Problem statement: From the line containing "そういう意味では、この備長炭塗料塗りは恰好の施主が参加" through the last line of the records below, output every line exactly as it appears, but leave out the pictures.
BEGIN
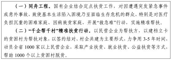 推进企业精准扶贫行动。动员国有和民营企业到贫困地区投资兴业。大力开展"万企联村"、村企共建、"万企帮万村"等企业精准扶贫行动,深入推进企业定点帮扶贫困革命老区县、贫困少数民族县,帮助加快实施一批村内道路、小型农田水利等设施建设。动员国有企业积极承担包村帮扶等扶贫开发任务。充分发挥工商联的桥梁纽带作用,引导民营企业参与扶贫开发。
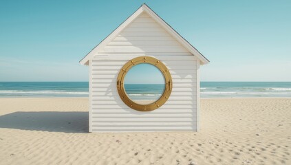 Seaside cottage showing brass porthole window, coastal architecture, Earth Day
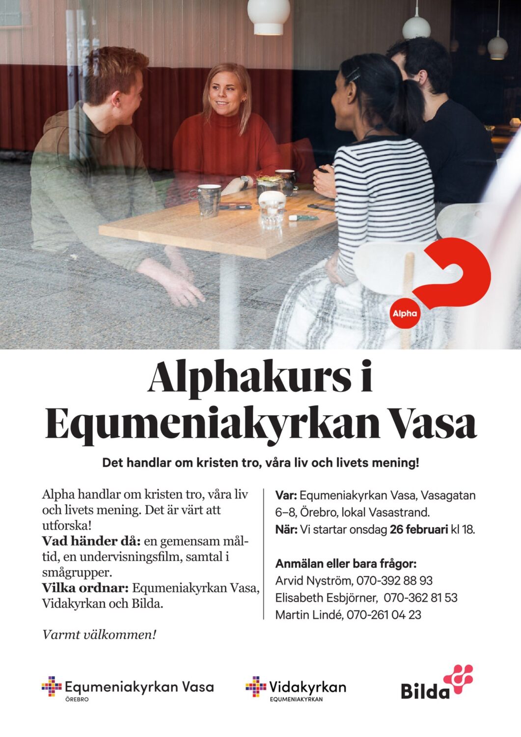 Alpha är en tidsbegränsad grundkurs i kristen tro som kräver anmälan för deltagande. Under våren -25 har vi genomfört en uppskattad kurs tillsammans med Vasakyrkan. Vi planerar att genomföra en ny kurs våren -26. Om du är intresserad är du välkommen att höra av dig. Mer information kommer här under hösten -25. Kostnad: gratis – valfri kostnad för mat.
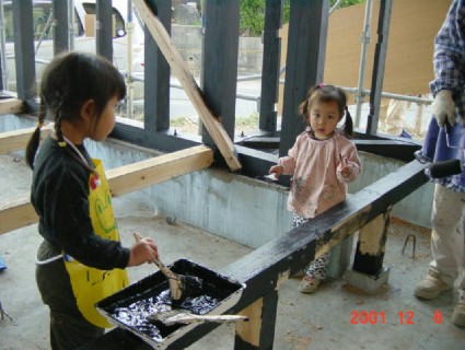 そういう意味では、この備長炭塗料塗りは恰好の施主が参加
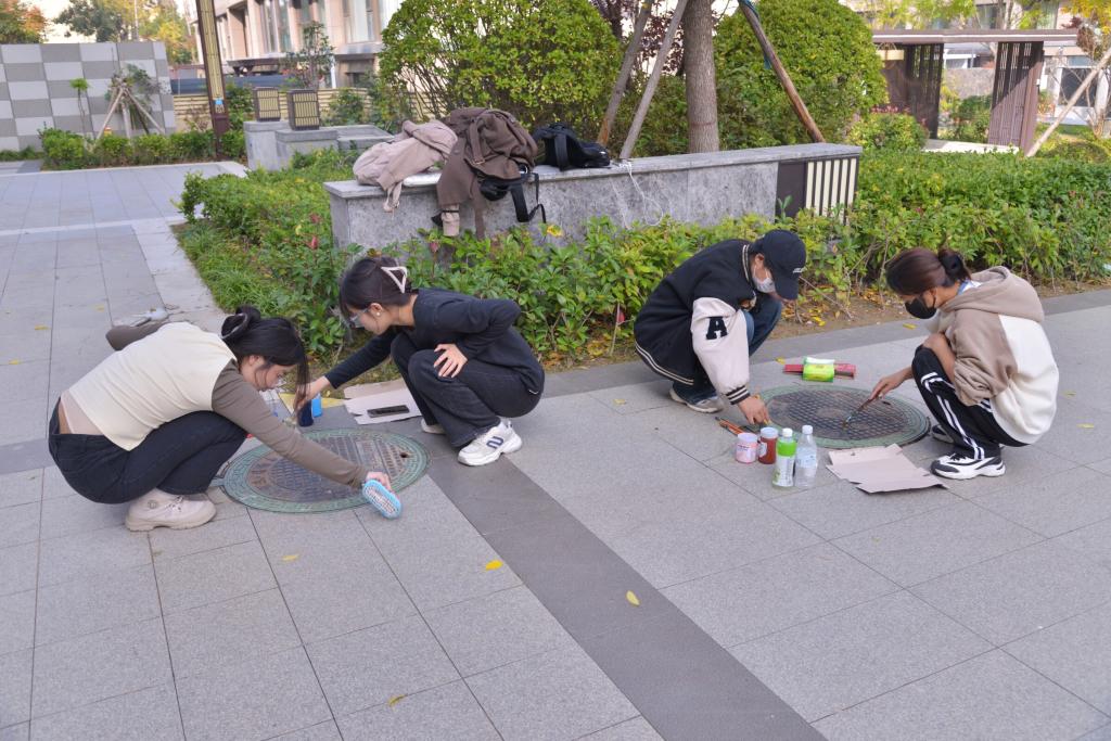 同学们根据审定的初稿进行绘制,五颜六色的线条和生动逼真的画面让黯淡的井盖变成了一幅幅画,一井一画,一步一景。在同学们的巧手下,原本毫不起眼的井盖焕发出独特的色彩,展现出别样的艺术魅力。这些彩绘的变成了社区一道靓丽的风景线,给居民生活增添了艺术气息。
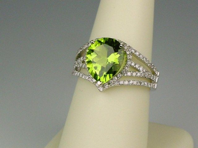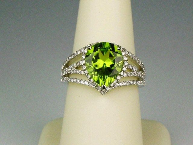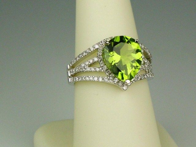 Dazzling 14 karat white gold ladies designer ring set with a fine Peridot weighing approx. 6.00 carats and micro set with 86 round brilliant cut diamonds weighing approx. 1.20 carats of G-H colors and mostly SI clarity.Retail $3,000-$3,500 Estimate $2,000-$2,500 Labor intensive
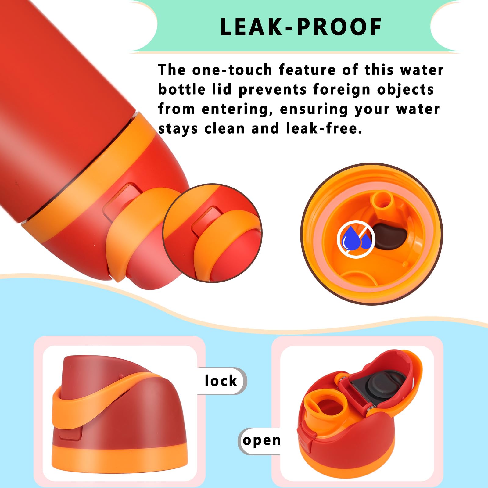 【One-Button Operation】The user-friendly one-button design allows easy opening and closing, catering to a variety of scenarios, whether at the gym, in the office, or outdoors. Perfect for any compatible with Owala lid replacement, this lid keeps your hydration routine effortless and convenient, whether using your for Owala cap on your 32 oz or 46 oz water bottle.
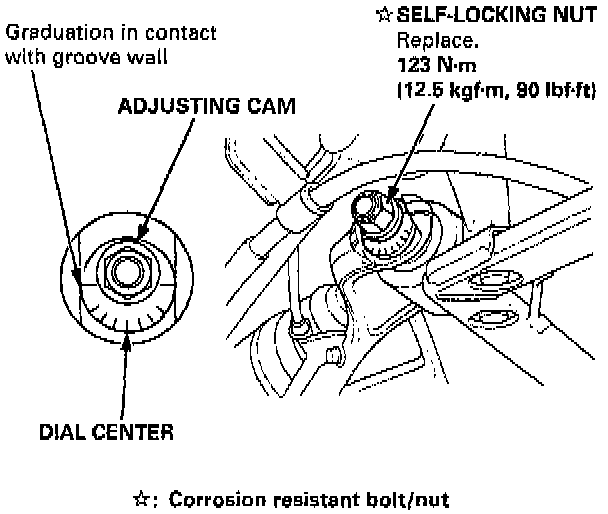 (1) Loosen the self-locking nut on the rear lower control arm adjusting point, then adjust the cam position so that the right and left graduations on the adjusting cam are in contact with groove wall.
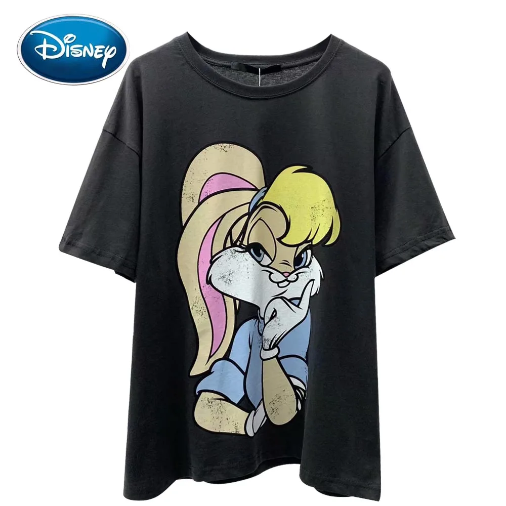 Дисней стильная Лола кролик мультфильм печати Черная Женская футболка короткий рукав Уличная o-образным вырезом пуловер свободные футболк...
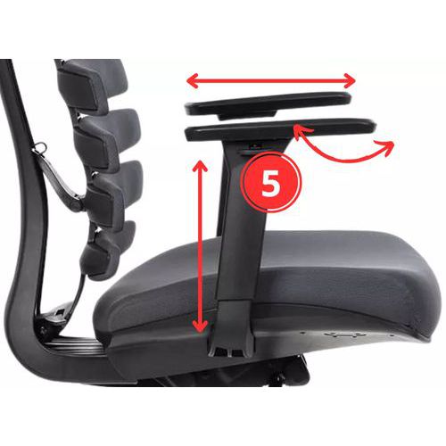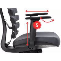 Součástí je výškově nastavitelná hlavová opěrka a 3D nastavitelné područky s měkkou dotykovou plochou.
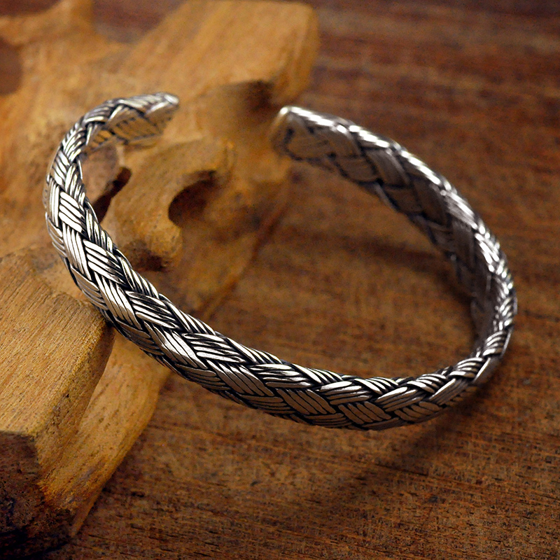 s925 sterling silver Thai silver retro interwoven hand-woven twist bracelet ethnic style wide version live mouth men's and women's bracelets
END
Answer to this problem:
 そういう意味では、この備長炭塗料塗りは恰好の施主が参加
 同学们根据审定的初稿进行绘制,五颜六色的线条和生动逼真的画面让黯淡的井盖变成了一幅幅画,一井一画,一步一景。在同学们的巧手下,原本毫不起眼的井盖焕发出独特的色彩,展现出别样的艺术魅力。这些彩绘的变成了社区一道靓丽的风景线,给居民生活增添了艺术气息。
 Dazzling 14 karat white gold ladies designer ring set with a fine Peridot weighing approx. 6.00 carats and micro set with 86 round brilliant cut diamonds weighing approx. 1.20 carats of G-H colors and mostly SI clarity.Retail $3,000-$3,500 Estimate $2,000-$2,500 Labor intensive
 【One-Button Operation】The user-friendly one-button design allows easy opening and closing, catering to a variety of scenarios, whether at the gym, in the office, or outdoors. Perfect for any compatible with Owala lid replacement, this lid keeps your hydration routine effortless and convenient, whether using your for Owala cap on your 32 oz or 46 oz water bottle.
 (1) Loosen the self-locking nut on the rear lower control arm adjusting point, then adjust the cam position so that the right and left graduations on the adjusting cam are in contact with groove wall.
 Дисней стильная Лола кролик мультфильм печати Черная Женская футболка короткий рукав Уличная o-образным вырезом пуловер свободные футболк...
 Součástí je výškově nastavitelná hlavová opěrka a 3D nastavitelné područky s měkkou dotykovou plochou.
 s925 sterling silver Thai silver retro interwoven hand-woven twist bracelet ethnic style wide version live mouth men's and women's bracelets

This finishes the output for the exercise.